WHAT TO PRODUCE:
Copy word for word the lines in the records below, starting at the line with "SBS Snabbladdare 20W USB-A USB-C med PD - Vit" and ending at the line with "ブラックパンツ ルーズカジュアルオーバーオール 薄手ハイウェストウェストオータムウィンター". Skip the pictures.

INFORMATION:
========

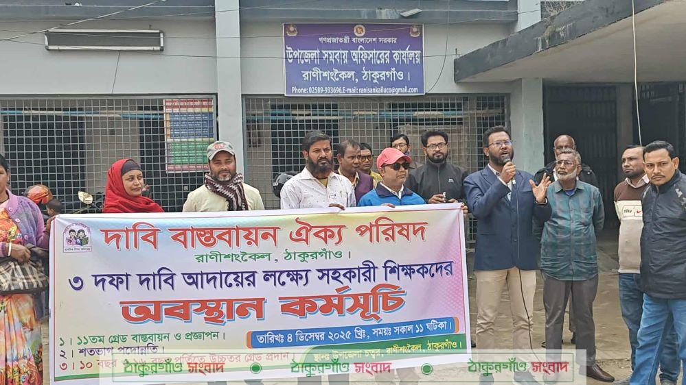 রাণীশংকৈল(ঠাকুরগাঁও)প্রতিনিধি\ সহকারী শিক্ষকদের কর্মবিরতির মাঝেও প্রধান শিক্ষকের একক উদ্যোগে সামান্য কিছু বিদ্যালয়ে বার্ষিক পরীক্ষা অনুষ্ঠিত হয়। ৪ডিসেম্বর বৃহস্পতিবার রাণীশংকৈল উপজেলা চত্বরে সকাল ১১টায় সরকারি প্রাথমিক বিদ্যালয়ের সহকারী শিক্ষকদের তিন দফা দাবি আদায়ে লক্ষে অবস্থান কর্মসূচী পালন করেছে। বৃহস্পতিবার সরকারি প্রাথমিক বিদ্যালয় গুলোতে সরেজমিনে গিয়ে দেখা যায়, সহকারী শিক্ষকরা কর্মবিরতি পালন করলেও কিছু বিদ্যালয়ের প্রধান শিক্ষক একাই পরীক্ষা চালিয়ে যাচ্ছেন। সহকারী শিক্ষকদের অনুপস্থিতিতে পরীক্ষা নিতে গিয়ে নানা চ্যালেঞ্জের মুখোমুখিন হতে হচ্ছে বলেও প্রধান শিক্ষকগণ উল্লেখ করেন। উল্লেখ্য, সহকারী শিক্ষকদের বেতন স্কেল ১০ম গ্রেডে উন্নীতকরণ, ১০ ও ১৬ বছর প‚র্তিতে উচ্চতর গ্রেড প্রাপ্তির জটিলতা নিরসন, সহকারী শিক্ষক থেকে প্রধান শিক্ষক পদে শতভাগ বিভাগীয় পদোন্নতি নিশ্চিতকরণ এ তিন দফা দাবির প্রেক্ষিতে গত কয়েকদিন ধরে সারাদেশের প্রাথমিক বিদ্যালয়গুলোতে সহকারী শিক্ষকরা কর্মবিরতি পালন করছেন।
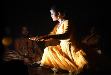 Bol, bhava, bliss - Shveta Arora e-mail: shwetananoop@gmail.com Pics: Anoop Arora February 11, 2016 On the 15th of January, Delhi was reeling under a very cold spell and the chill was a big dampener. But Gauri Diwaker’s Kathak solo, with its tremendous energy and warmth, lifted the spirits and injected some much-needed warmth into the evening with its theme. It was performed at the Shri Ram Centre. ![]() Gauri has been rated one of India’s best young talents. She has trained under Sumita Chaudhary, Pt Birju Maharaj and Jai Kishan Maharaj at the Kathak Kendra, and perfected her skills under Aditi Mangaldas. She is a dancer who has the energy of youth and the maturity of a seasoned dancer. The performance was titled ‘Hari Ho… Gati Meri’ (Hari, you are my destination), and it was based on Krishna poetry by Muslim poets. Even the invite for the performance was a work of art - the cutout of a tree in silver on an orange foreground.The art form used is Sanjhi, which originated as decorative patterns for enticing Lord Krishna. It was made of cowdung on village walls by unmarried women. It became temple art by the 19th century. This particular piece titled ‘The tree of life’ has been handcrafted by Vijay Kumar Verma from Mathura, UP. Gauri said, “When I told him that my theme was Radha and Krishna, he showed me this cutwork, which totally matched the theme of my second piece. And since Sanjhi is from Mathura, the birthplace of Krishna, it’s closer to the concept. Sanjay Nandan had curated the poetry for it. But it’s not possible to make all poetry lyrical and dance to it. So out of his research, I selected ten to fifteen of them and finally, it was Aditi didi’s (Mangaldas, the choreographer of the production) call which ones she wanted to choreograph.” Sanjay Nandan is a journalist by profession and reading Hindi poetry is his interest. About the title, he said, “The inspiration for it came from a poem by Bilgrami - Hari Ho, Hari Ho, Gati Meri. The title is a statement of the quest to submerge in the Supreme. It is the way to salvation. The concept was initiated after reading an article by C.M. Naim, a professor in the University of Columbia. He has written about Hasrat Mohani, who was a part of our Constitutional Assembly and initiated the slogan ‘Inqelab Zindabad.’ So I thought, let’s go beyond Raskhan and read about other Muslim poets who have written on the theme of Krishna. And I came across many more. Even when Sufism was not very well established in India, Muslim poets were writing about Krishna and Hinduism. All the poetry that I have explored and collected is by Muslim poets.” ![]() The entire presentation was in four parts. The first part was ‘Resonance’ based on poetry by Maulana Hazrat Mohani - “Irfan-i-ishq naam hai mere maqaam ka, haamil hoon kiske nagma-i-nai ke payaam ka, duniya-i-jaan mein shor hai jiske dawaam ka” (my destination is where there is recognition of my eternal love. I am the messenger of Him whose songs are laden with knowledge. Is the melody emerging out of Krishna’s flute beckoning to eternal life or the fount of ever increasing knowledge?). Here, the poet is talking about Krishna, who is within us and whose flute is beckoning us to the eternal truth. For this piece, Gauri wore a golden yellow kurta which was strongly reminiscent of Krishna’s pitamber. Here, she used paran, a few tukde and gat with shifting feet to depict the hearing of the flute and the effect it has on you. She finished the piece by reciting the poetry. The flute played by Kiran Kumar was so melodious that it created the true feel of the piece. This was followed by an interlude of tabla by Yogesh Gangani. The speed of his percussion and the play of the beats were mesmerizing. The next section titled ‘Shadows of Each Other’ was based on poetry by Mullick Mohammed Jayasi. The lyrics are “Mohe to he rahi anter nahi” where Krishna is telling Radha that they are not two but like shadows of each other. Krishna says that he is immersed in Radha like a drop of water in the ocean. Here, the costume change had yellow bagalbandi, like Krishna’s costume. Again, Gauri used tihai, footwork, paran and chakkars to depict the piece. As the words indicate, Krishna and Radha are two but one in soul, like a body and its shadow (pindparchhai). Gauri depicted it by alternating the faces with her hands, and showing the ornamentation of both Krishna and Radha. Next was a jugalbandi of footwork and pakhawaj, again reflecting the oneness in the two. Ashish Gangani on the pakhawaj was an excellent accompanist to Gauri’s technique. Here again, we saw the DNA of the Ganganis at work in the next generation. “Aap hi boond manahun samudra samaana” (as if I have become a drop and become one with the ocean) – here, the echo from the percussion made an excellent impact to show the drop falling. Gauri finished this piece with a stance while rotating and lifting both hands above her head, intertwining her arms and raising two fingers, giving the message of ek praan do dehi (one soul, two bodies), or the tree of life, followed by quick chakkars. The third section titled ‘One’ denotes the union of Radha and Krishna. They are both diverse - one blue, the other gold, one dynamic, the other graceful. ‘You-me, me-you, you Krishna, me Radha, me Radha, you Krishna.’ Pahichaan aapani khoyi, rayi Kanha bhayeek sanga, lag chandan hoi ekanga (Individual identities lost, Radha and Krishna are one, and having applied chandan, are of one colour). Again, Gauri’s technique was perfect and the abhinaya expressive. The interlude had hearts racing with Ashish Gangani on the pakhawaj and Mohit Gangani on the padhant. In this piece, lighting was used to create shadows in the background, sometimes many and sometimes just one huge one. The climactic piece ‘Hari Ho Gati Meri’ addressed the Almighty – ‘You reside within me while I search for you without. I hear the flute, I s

========

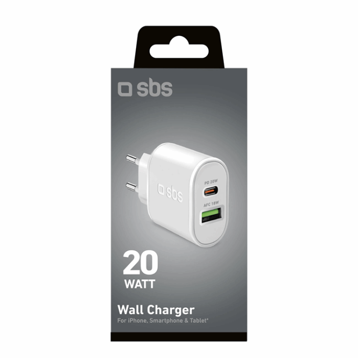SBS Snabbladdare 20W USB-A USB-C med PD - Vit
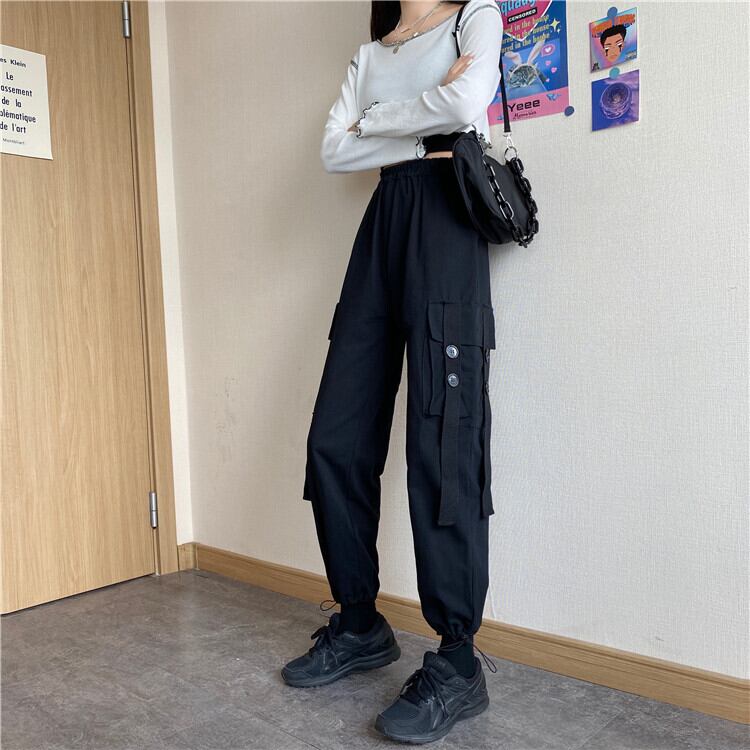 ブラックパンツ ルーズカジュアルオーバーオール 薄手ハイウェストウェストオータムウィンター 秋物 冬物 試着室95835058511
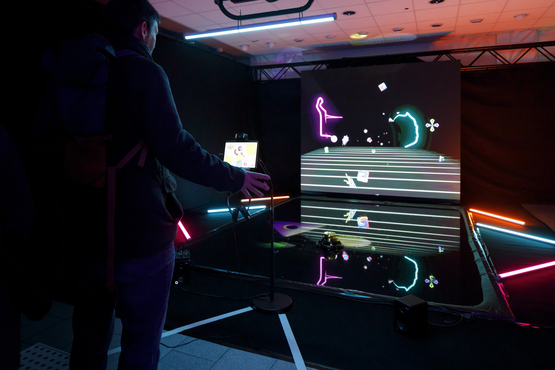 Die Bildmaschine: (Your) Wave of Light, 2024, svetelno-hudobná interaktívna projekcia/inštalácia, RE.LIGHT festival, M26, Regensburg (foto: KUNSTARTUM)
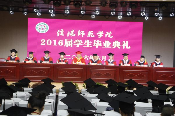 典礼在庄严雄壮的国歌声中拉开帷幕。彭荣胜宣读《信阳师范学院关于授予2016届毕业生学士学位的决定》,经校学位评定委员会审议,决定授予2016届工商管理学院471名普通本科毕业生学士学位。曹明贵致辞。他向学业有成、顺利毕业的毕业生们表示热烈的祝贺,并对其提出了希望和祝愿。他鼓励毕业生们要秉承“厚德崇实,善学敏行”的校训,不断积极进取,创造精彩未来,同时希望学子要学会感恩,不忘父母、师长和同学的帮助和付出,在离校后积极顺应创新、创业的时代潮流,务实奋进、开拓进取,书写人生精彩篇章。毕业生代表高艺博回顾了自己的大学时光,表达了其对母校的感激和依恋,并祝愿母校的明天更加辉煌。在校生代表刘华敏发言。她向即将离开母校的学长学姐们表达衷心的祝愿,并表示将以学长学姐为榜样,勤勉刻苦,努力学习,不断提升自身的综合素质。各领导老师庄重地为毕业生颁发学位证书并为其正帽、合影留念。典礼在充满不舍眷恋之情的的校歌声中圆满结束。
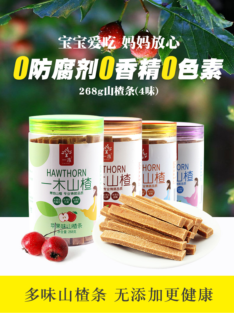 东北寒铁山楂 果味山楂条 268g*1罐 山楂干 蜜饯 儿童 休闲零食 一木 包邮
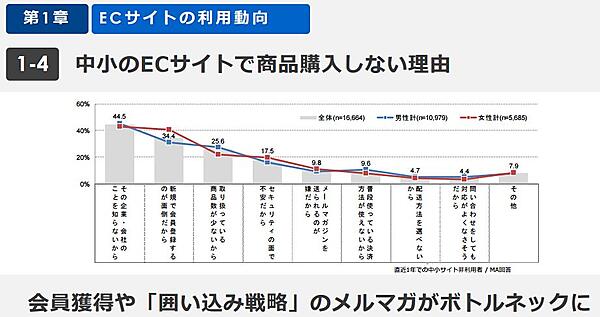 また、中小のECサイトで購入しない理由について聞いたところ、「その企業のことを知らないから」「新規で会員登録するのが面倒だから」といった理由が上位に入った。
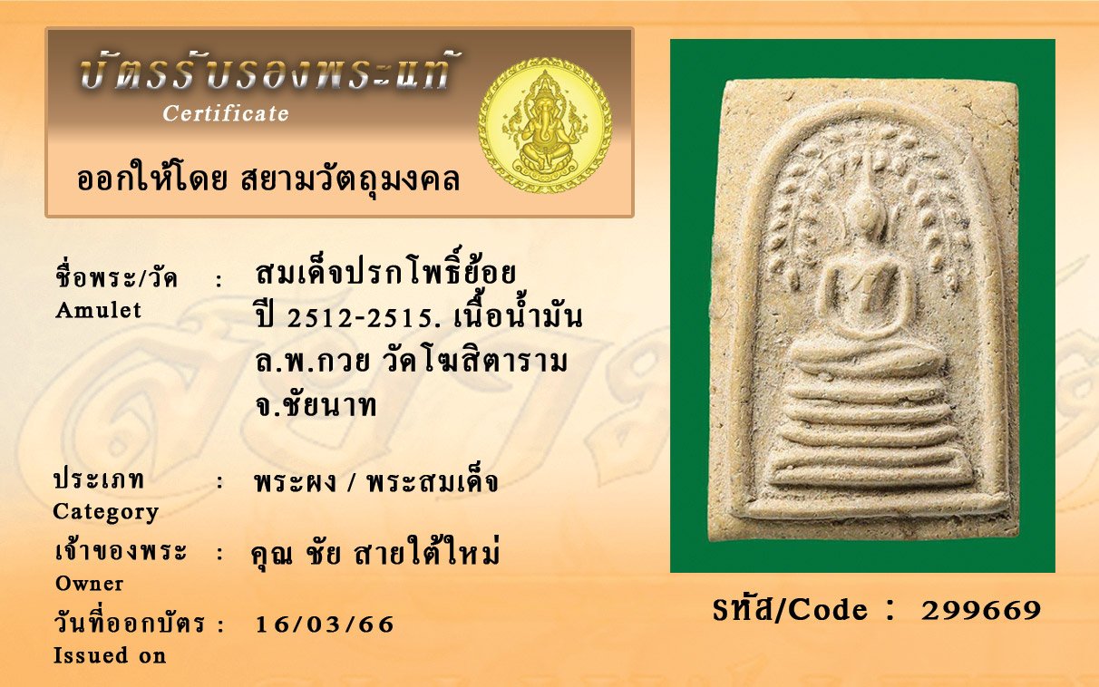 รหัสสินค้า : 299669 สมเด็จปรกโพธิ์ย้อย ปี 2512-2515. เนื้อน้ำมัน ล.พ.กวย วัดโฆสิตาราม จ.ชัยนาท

========

SOLUTION TO THE EXERCISE:
SBS Snabbladdare 20W USB-A USB-C med PD - Vit
 ブラックパンツ ルーズカジュアルオーバーオール 薄手ハイウェストウェストオータムウィンター 秋物 冬物 試着室95835058511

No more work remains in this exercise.